Phenolic compounds often accumulate in foliar tissues of deciduous woody plants in response to previous insect defoliation, but similar responses have been observed infrequently in evergreen conifers. We studied the effects of defoliation on the foliar chemistry of Scots pine (Pinus sylvestris L.) and cocoon mass, and survival of the pine sawfly (Diprion pini L.). In two successive years, needles were excised early in the season leaving only the current-year shoot intact (defoliated trees); untreated entire shoots served as controls (control trees). A year after the second defoliation, pine sawfly larvae were transferred to the trees. Delayed induced resistance in Scots pine in response to defoliation was indicated by (1) reduced cocoon mass in defoliated trees and (2) increased concentrations of phenolics and soluble condensed tannins in the foliage of defoliated trees compared with controls. Myricetin-3-galactoside, which showed the strongest induced response (104% and 71% increase in current-year (C) and previous-year (C+1) needles) of the compounds analyzed, also entered the regression model explaining variation in sawfly performance. Other compounds that entered the model, e.g., (+)-catechin, showed weaker responses to defoliation than myricetin-3-galactoside. Hyperin, condensed tannins and quercitrin showed strong induced responses in C or C+1 needles, or both, but these compounds did not explain the variation in sawfly performance. Accumulation of phenolics is sometimes associated with the reduced foliage nitrogen (N) concentrations in deciduous trees, and our results suggest that this may also be the case in evergreen conifers. Based on the earlier findings that defoliation reduces needle N concentration and N deficiency results in the accumulation of the same phenolic compounds, i.e., myricetin and quercetin glycosides, and soluble condensed tannins, we suggest that the accumulation of phenolics in defoliated trees occurred in response to the reduced foliar N concentration.

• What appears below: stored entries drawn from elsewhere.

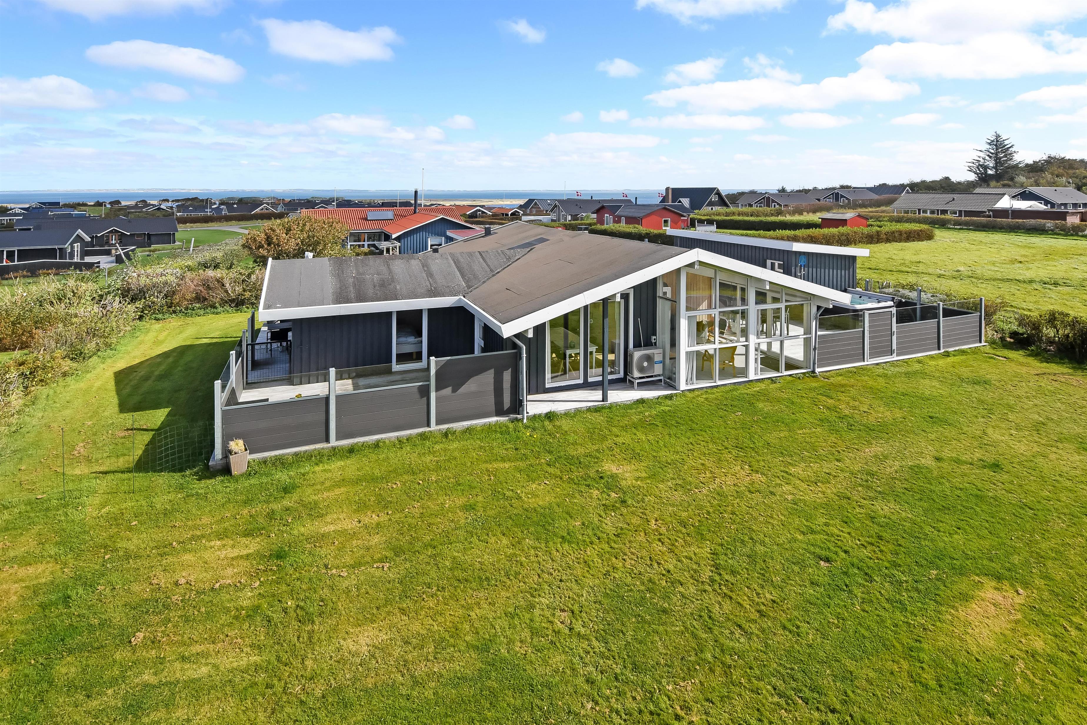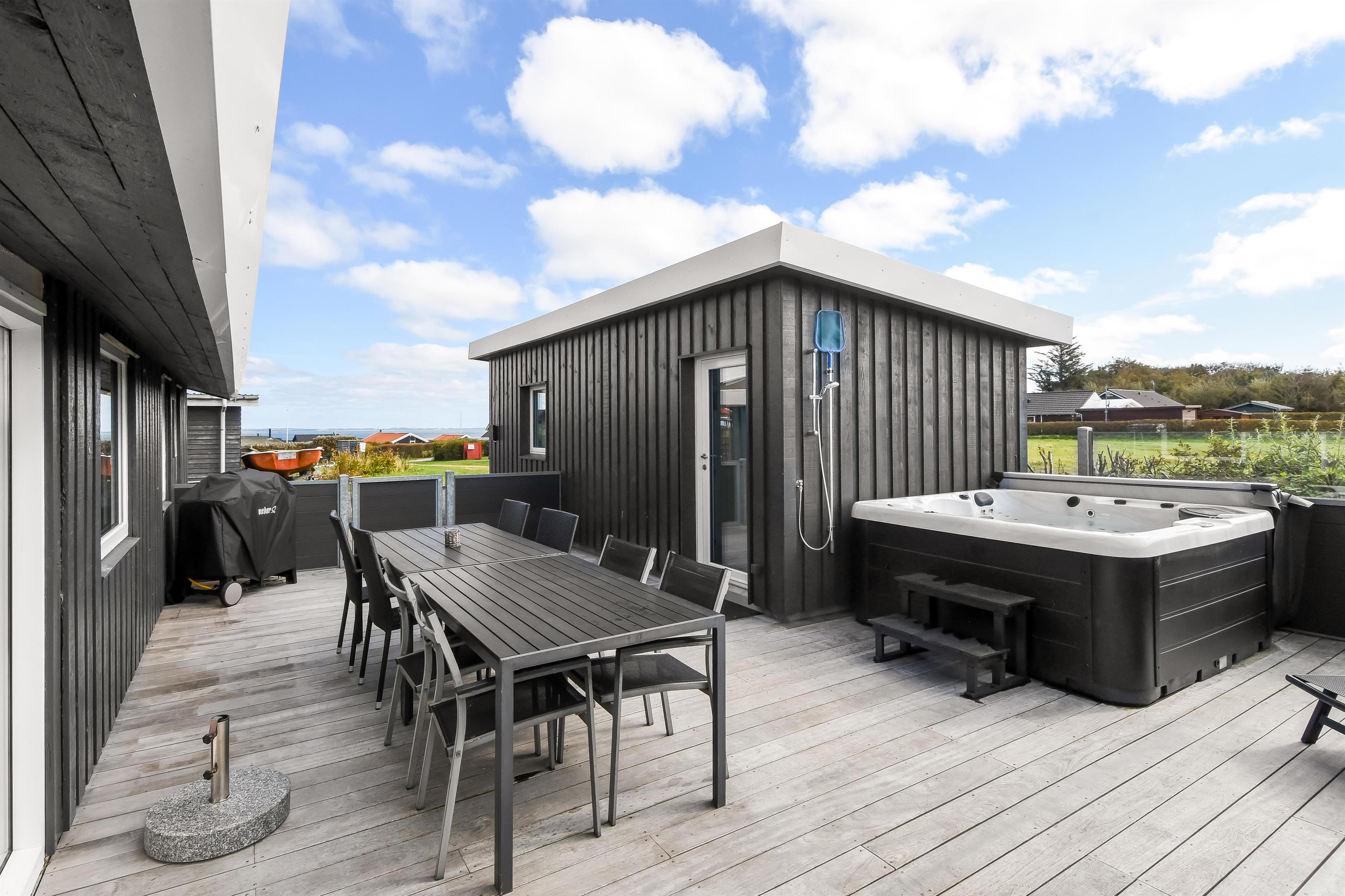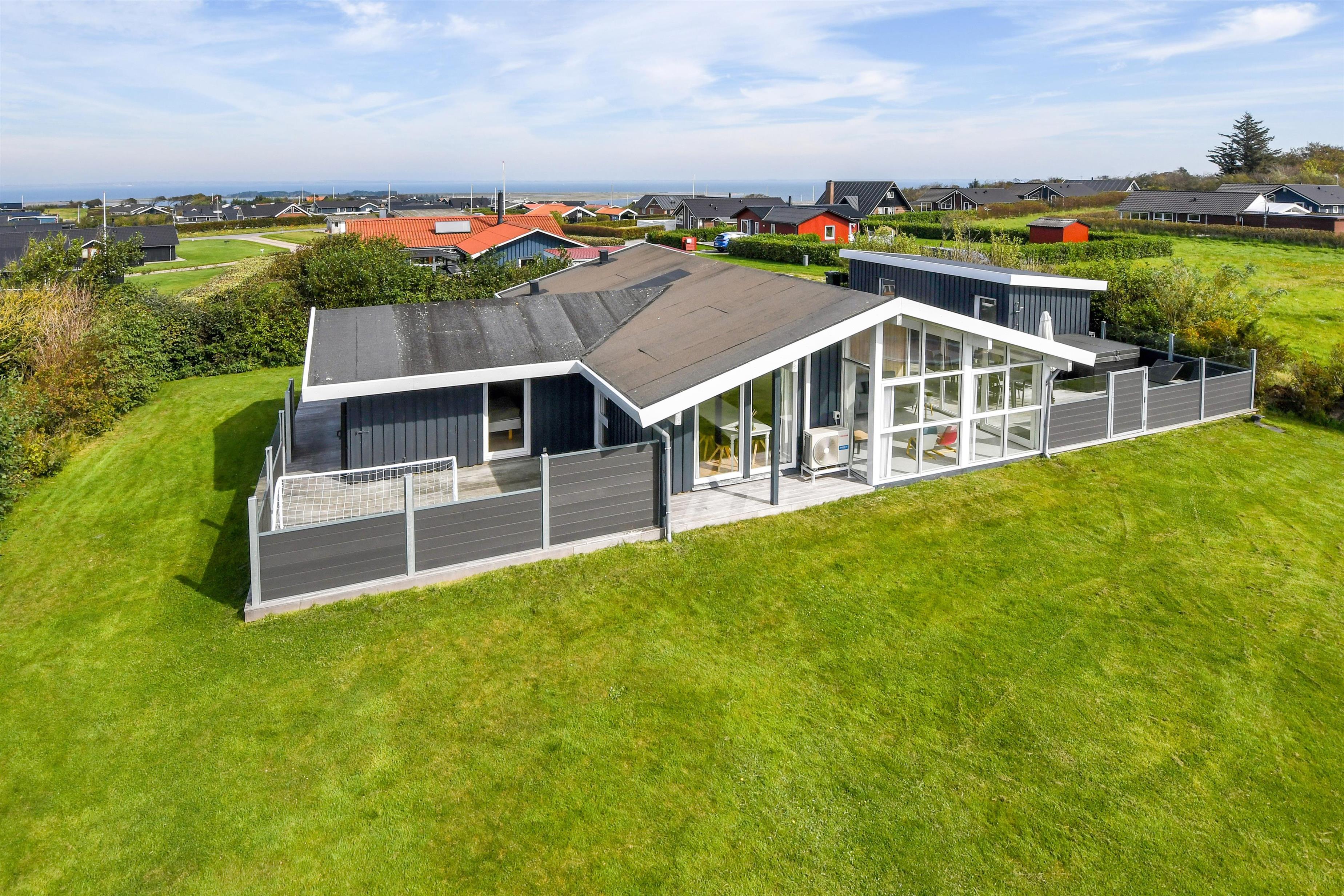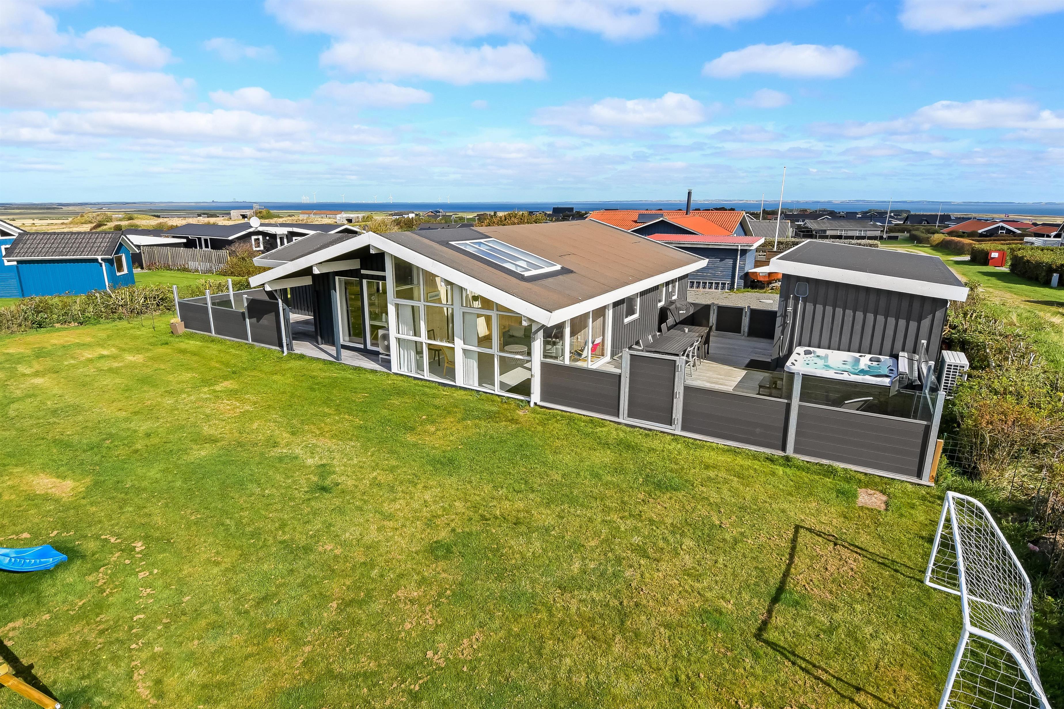 Huset ligger på en ca. 865 m² stor indhegnet grund, højt og ugeneret beliggende på en rolig stikvej. Velholdt indehegnet grund med trampolin, gynge og kun 700 meter fra stranden. Fantastisk, delvist overdækket og indhegnet terrasseanlæg med havemøbler, grill og liggestole. Her er også et skønt udendørs spabad, hvor man i al slags vejr kan sidde og nyde udsigten og om aftenen den stjerneklare himmel. Her kan der altid findes en plads i solen samt pragtfuldt kig til Limfjorden. Havemøbler, solvogn og grill kan flyttes rundt på terrassen efter behag. Også på bagsiden af huset er der en dejlig terrasse med havemøbler og udsigt over landskabet. Fra huset findes der stisystemer, som på få minutter fører direkte ned til fjord, badestrand og badebroer. Nær ved huset ligger også den nye flotte naturlegeplads, som er lavet i naturmaterialer og hvor der bl.a. er rutsjebaner, gynger og meget andet. Her findes også iskiosk og restaurant, som har åbent i sæsonen. Der er i øvrigt kun ca. fire km til Lemvig by, som er en livlig handelsby med mange butikker, fiskerestaurant, biograf, skaterbane, museum mm.
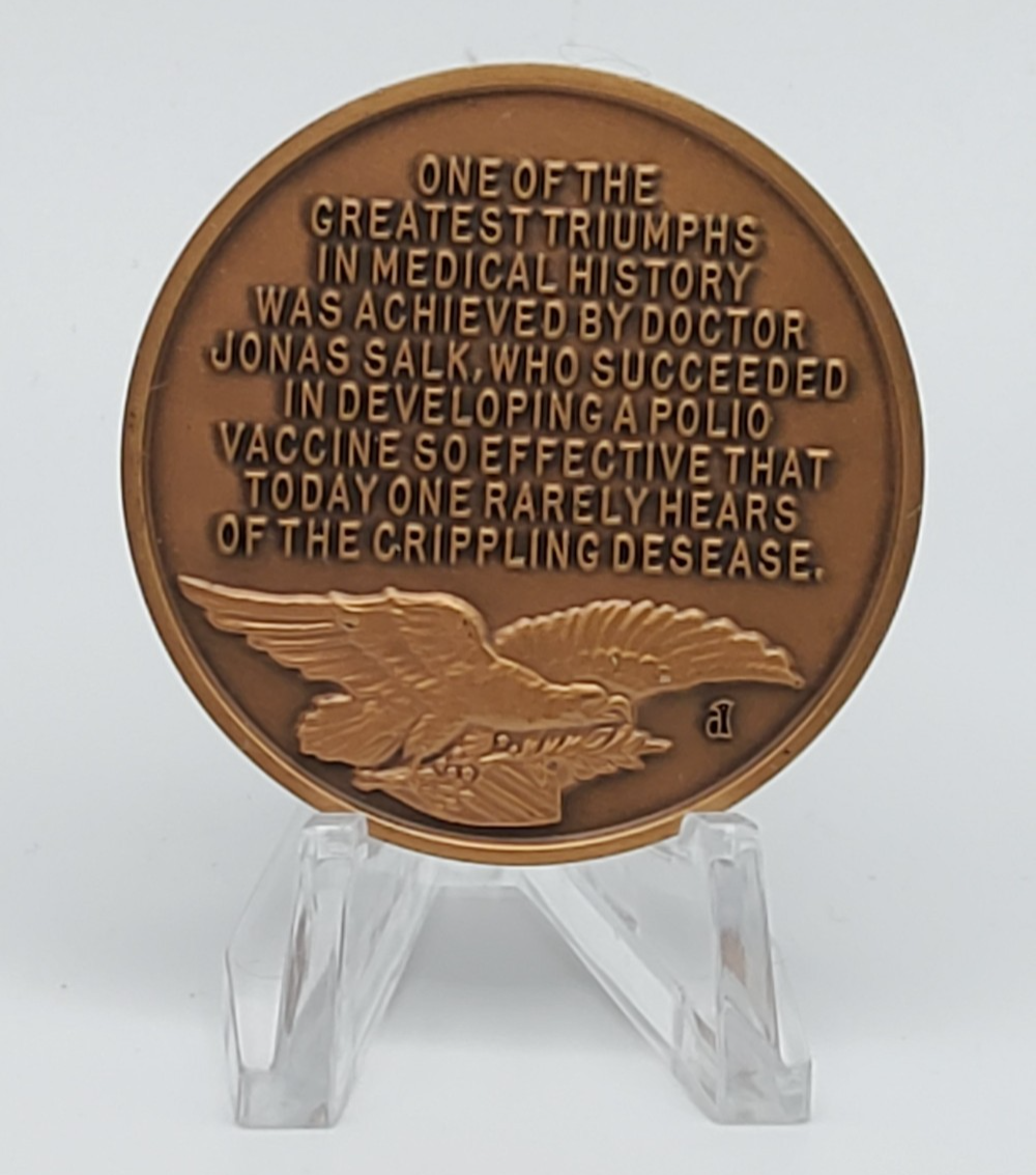 ? Historic Commemorative Medal ? This bronze medal honors Dr. Jonas Salk and his groundbreaking achievement in 1954: the development of the polio vaccine, one of the greatest triumphs in medical history.
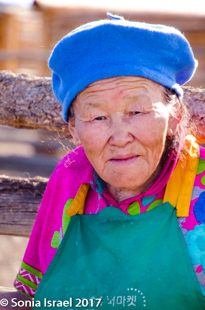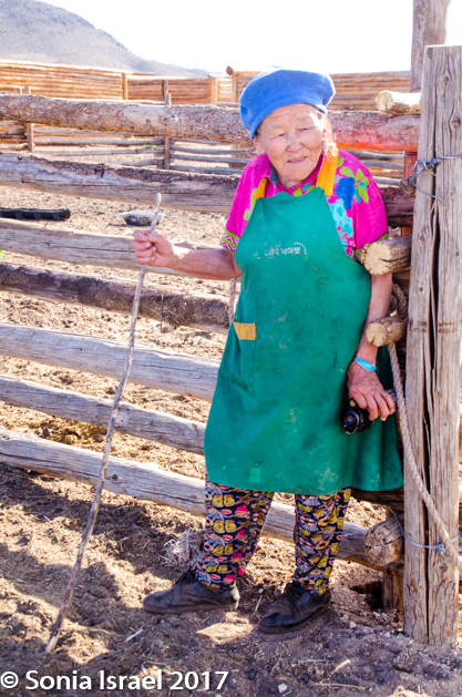 Ariunaa translated for us as we bombarded her with questions. Her name is Nyamjav and she has seven cows. Turns out that she has a son living in Seattle and has been to America several times but her visa has expired. This was her spring/summer home and the structures were built by the Russians during their occupation. She posed for us, flashing that beautiful smile. And the cameras clicked like crazy.
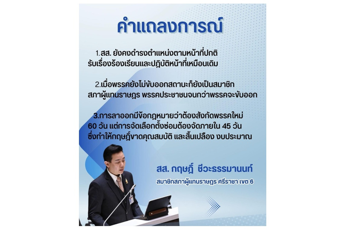 2.เมื่อพรรคยังไม่ขับออกสถานะก็ยังเป็นสมาชิกสภาผู้แทนราษฎรพรรคประชาชนจนกว่าพรรคจะขับออก
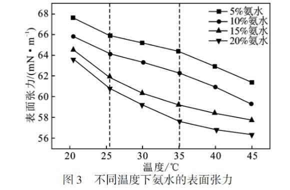 (2)隨著溫度升高,不同濃度下的氨水表面張力值均呈下降趨勢,且下降過程可分為3個階段。溫度小于35℃時,各濃度下前兩階段下降趨勢相似,降幅先大后小;35~45℃范圍,5%和10%的氨水表面張力值降幅增加,而15%和20%的氨水表面張力值降幅減小,并趨于穩定。
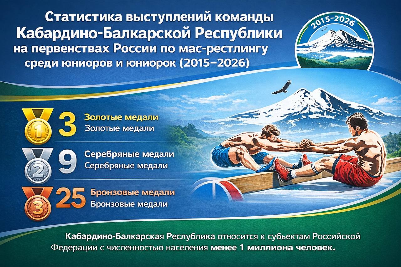 Согласно официальным статистическим данным за 2015–2026 годы, у Федерации мас-рестлинга Кабардино-Балкарской Республики выдающиеся показатели.
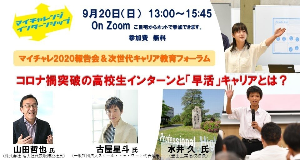 こうした機会にチャレンジした高校生たちのチカラは、先の見えない変化の激しい社会のなか、新しい時代にどうつながり活かされていくのでしょうか?そのひとつ新たなキーワードとして「早活」を取り上げます。「高卒就職」を、高校時代から早く社会にふれて活動し、卒業後に仕事に就き早く活躍するキャリアとしてとらえ、アップデートしていく「早活」を提唱する一般社団法人スクール・トゥー・ワークの古屋氏から講演と、フォーラムでは古屋氏に加え、「ジモト就職」を応援する名大社社長の山田氏、来年から工科高校と名称変更する豊田工業高校校長の水井氏の3名に、次世代のキャリア教育のあり方と、この変化の激しい社会の中で、若者の成長をどう加速していくか、について話し合います。コロナをきっかけに時代は変わった。時代の変化に合わせ、あなたの街、学校のキャリア教育をアップデートしませんか?
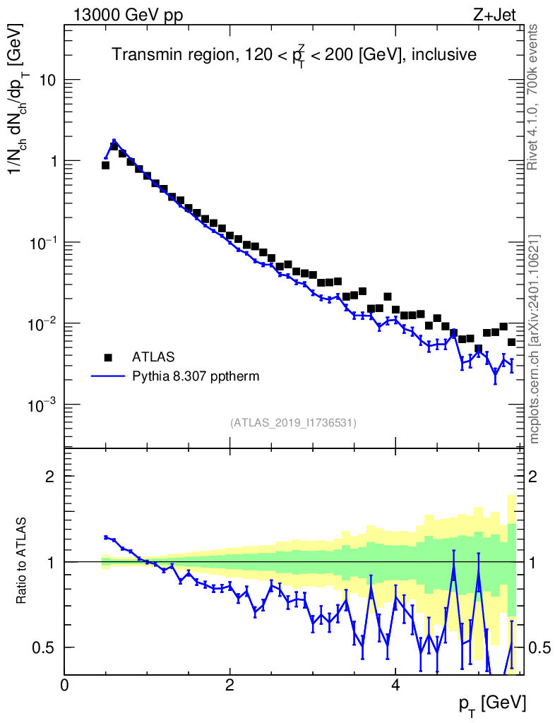 Lines: data, pythia8 8.307 pptherm |
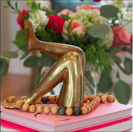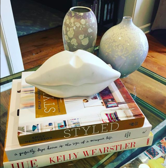 - Her Kelly Wearstler brass leg bookends and marble lips she decorates with:
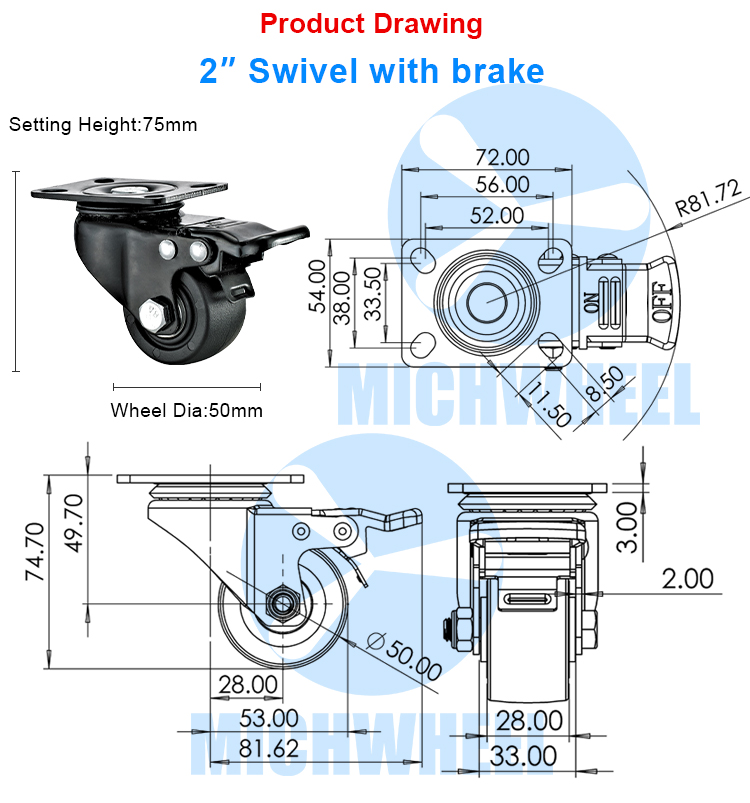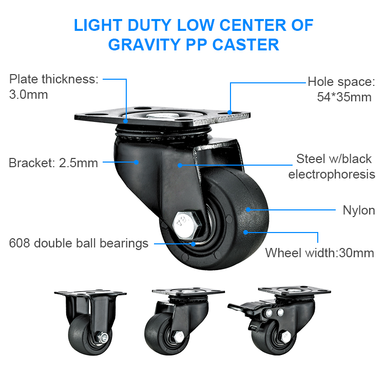 Zinc-plated pressed steel housing with double steel ball raceway in swivel head

酚类化合物通常会在落叶木本植物的叶片组织中积累,以应对先前的昆虫落叶,但在常绿针叶树中很少观察到类似的反应。我们研究了落叶对苏格兰松(Pinus sylvestris L.)叶片化学、茧质量以及松叶蜂(Diprion pini L.)存活的影响。在连续两年中,在季节早期切除针叶,仅保留当年新梢完整(落叶树);未处理的整个新梢作为对照(对照树)。第二次落叶一年后,将松叶蜂幼虫转移到树上。落叶后苏格兰松的延迟诱导抗性表现为:(1)落叶树的茧质量降低;(2)与对照相比,落叶树叶片中的酚类和可溶性缩合单宁浓度增加。杨梅素-3-半乳糖苷在所分析的化合物中表现出最强的诱导反应(当年(C)和上一年(C+1)针叶分别增加104%和71%),该化合物也进入了解释叶蜂表现差异的回归模型。其他进入模型的化合物,如(+)-儿茶素,对落叶的反应比杨梅素-3-半乳糖苷弱。金丝桃苷、缩合单宁和槲皮苷在C或C+1针叶中或两者中均表现出强烈的诱导反应,但这些化合物无法解释叶蜂表现的差异。落叶树中酚类物质的积累有时与叶片氮(N)浓度降低有关,我们的结果表明常绿针叶树可能也是如此。基于早期的研究结果,即落叶会降低针叶氮浓度,而氮缺乏会导致相同酚类化合物(即杨梅素和槲皮素糖苷)以及可溶性缩合单宁的积累,我们认为落叶树中酚类物质的积累是对叶片氮浓度降低的响应。